The Demise of Dead Space 2's Franco Delille: How Visceral Killed a Man in One Minute
Joystiq interviews Visceral Games and finds out how one gruesome minute of Dead Space 2 was made.
In the future, our starship captains won't be as blindly heroic as their television counterparts. Their years of virtual training -- inside holo-capsule games like Dead Space 13: Amputheater -- will impart every single reason to avoid stranded ships and suspect space colonies. Even here, in 2011, Dead Space 2 provides an uncomfortable glimpse at the scary doors, inadequate fluorescent lighting and snarling horrors that await us off-planet. And that's before you die and come back to vicious near-life as a necrotized bag of flesh, running around wildly with scissors for hands.

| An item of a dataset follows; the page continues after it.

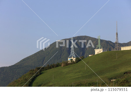 朝の別府湾サービスエリアから見る十文字原展望台と鶴見岳

The inhospitable, rickety world of Dead Space 2 and the disgusting creatures that populate it (and the necromorphs) don't seem worthy of care and devotion, yet it's all you see in every fuggy, expertly lit scene. There's no better way to see the detail-driven efforts of developer Visceral Games than by narrowing your focus to just one minute of the game, in which you're forced to watch a man shed every semblance of humanity and transform into a grotesque mess of flesh.
It's probably not as painful as it looks, I found out, because the poor guy doesn't have a brain.